As per the assumptions of the structural modelling equation, survey data was screened for normality and outliers before anything was done. Outliers were spotted using the Mahalanobis distance. Three observations that were farthest from the centroid were spotted and they indicated the typical nature of the responses and thus were labelled as outliers. The three cases in the questionnaire were subsequently deleted for their high distance from the centroid. Concerning the normality of variables, Field (2013:172) points out that for a large sample size like the one in this study, the central limit theorem contends that the assumption of normality does not have much bearing on data analysis. Although the central theorem caters for the issue of normality in this study, the skewness and kurtosis of each item in the model were done and the study confidently asserts that the data meets the normality assumption. Having eliminated outliers and demonstrated the normality of the remaining data, the analysis proceeded to run the structural equation model with the data. Running a structural equation model took a two-step approach that included designing, testing, and improving a measurement model and subsequently building the structural model.
The measurement model delineates and stipulates how the observed variables depend on the latent unobserved variables and is used to confirm the structure of each construct. The measurement model was constructed in the IBM package AMOS version 24 and was accessed using confirmatory factor analysis (CFA).
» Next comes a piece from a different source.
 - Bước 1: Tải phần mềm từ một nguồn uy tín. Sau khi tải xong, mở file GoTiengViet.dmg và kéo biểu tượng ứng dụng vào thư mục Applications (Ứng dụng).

Before completing confirmatory factor analysis, measures of sphericity and
sampling adequacy needed to be computed for the 18 items that are to be used to measure the six constructs and these are depicted in in table 2 below.
Table 2: KMO and Bartlett's test
Kaiser-Meyer-Olkin Measure of Sampling Adequacy
0.929
Bartlett's Test of Sphericity
Approx. Chi-Square Df
_Sis._
3729.004 153 0.000
The results above show a statistically significant Bartlett's Test of Sphericity with approximate chi-square of 3729.004 (p-value=0.000). Both measures confirm the appropriateness of the data and hence the analysis to reduce the number of items, and identify the dimensions of latent variables could be done. The proposed model was turned into an initial measurement model. From the initial measurement model, the CFA results displayed marginally acceptable fit indices but not great enough for further analysis. A close diagnosis of factor loadings, modification indices and the standardised residual covariance matrix retrieved from AMOS output showed that items GP3, PI1, RI3 and EC2 had to be deleted from the measurement model, which was done in line with the advice of Hair et al, (2014).
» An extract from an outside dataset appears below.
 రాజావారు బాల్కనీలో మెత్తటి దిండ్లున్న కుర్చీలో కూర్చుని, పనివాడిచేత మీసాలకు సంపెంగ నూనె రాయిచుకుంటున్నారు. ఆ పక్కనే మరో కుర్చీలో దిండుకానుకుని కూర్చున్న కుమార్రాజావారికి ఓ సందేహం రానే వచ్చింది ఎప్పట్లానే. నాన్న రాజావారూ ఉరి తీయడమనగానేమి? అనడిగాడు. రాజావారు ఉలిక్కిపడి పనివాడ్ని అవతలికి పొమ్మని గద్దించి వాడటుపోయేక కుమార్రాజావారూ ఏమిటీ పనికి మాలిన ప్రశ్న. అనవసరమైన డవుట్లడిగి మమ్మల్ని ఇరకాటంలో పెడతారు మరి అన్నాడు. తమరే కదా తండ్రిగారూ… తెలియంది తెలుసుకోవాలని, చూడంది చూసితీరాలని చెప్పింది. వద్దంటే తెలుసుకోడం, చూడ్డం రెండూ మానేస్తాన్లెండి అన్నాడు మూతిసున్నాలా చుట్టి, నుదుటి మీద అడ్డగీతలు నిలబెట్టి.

According to Ford et al. (1986), deleting items with poor factor loadings aid in reducing the measurement error and increasing reliability among items, which in turn enhances the model fit. Accordingly, the measurement model was adjusted and an improved model without the deleted items was arrived at. New fit indices were calculated and this resulted in acceptable values enough for further analysis. Table 3 below shows the modified model fit indices.
I Table 3: Modified model fit indices 1
Acceptable threshold Modified Model fit index Comment
Fit index (Hair et al., 2014) value
X2/DF < 3.000 2.759 Acceptable
GFI >0.800 0.954 Satisfactory
RMSEA < 0.080 0.060 Acceptable
IFI > 0.900 0.943 Acceptable
CFI > 0.900 0.963 Acceptable
TLI > 0.900 0.945 Acceptable
After accepting the measurement model fit indices the study proceeds to show the final measurement model. Figure 2 below presents the final measurement model.
Figure 2: Measurement model
The next step was to test the hypotheses through a structural model, which was subjected to model fit indices, the results of which are shown below.
I Table 4: Structural model fit indices 1
Acceptable threshold Modified Model fit index Comment
Fit index (Hair et al., 2014) value
X2/DF < 3.000 2.875 Acceptable
GFI >0.800 0.949 Acceptable
RMSEA < 0.080 0.061 Acceptable
IFI > 0.900 0.937 Acceptable
CFI > 0.900 0.958 Acceptable
TLI > 0.900 0.942 Acceptable
The structural model had a good fit as informed by the acceptable thresholds (Hair et al, 2014). This set the way for full hypothesis testing and interpretation of the model. The figure below presents the resulting structural model of the present study retrieved from AMOS version 21.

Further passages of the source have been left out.